==== Input data ====
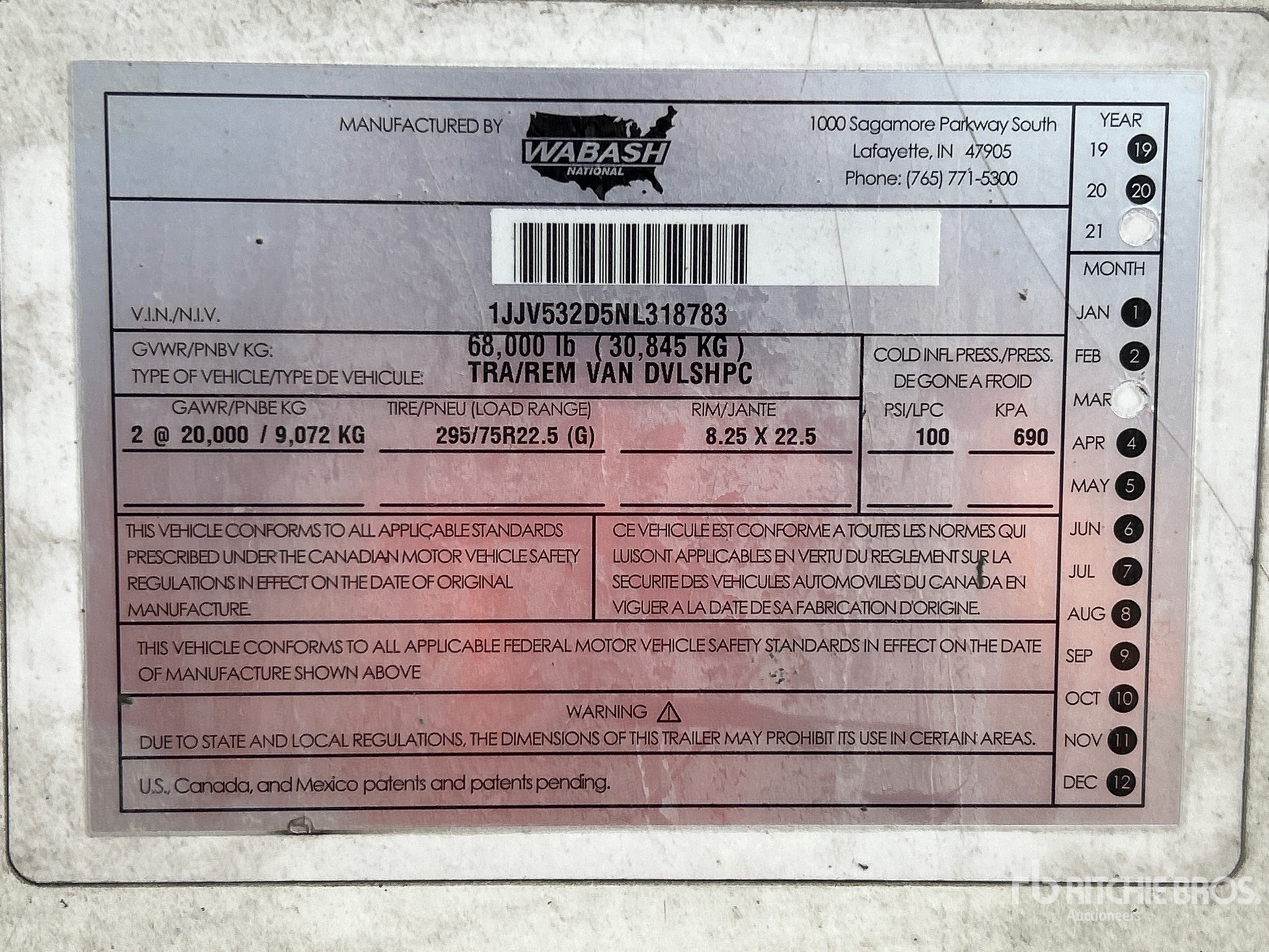 Aluminum/Steel Combination Frame, Spring Sliding Suspension, Hardwood Floor, Swing Door, 295/75R22.5 Tires 68000 lb GVWR
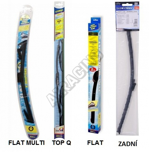 Stěrače FLAT SET (sada 2 ks na celé auto). Vysoce kvalitní pružný člen plochého stěrače zajišťuje stejnoměrný tlak grafitového břitu v celé jeho délce, což zamezuje rozmazávání nečistot a vytváření pruhů.
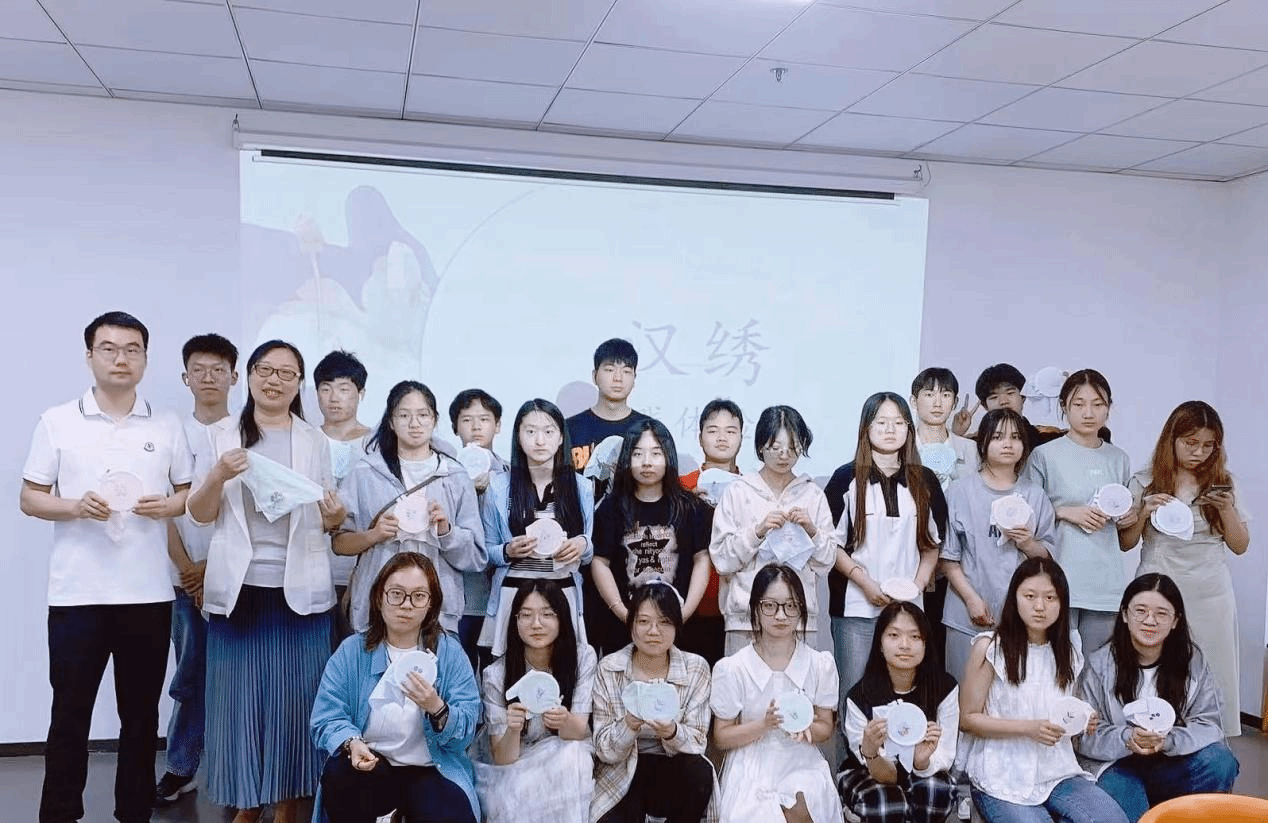 随后,非遗馆工作人员带领师生一同来到湖北省非物质文化遗产研究中心(william威廉亚洲官方)进行汉绣的实践体验课。课堂上,老师为同学们分发了制作汉绣的工具包,通过现场演示、播放视频、一对一指导的方式为同学们进行汉绣技艺的传授。同学们聚精会神,一针一线紧跟着老师的步骤进行实操练习,并完成一件件精美的汉绣作品。
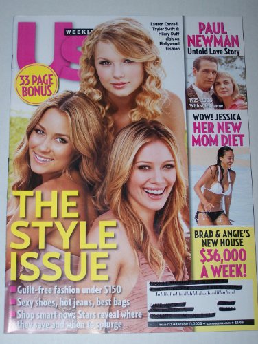 | 46. Us Weekly Magazine October 2008: (The Style Issue) Lauren Conrad, Taylor Swift, Hilary Duff, Paul Newman (Untold Love Story)m Jessica Alba (Her New Mom Diet), Brad Pitt & Angelina Jolie (New House) by Us Weekly Magazine | |
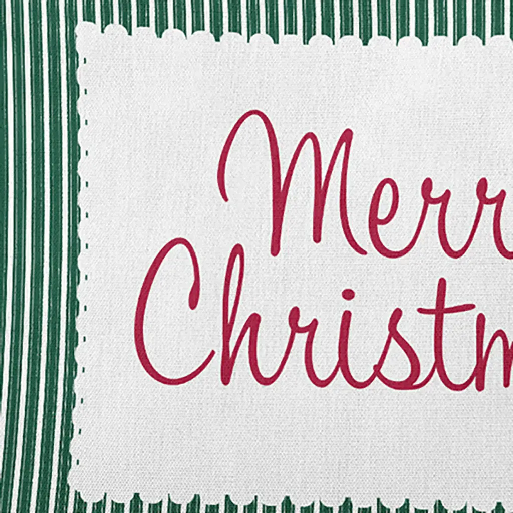 Merry Christmas Ticking Indoor/outdoor Throw Pillow, Forest Green, 20"x20"
====
-- Task prompt --
In your answer, copy exactly the lines running from the line with "Magazine | |" to the end of the material above, both included, and omit all pictures.

-- Response below --
 | 46. Us Weekly Magazine October 2008: (The Style Issue) Lauren Conrad, Taylor Swift, Hilary Duff, Paul Newman (Untold Love Story)m Jessica Alba (Her New Mom Diet), Brad Pitt & Angelina Jolie (New House) by Us Weekly Magazine | |
 Merry Christmas Ticking Indoor/outdoor Throw Pillow, Forest Green, 20"x20"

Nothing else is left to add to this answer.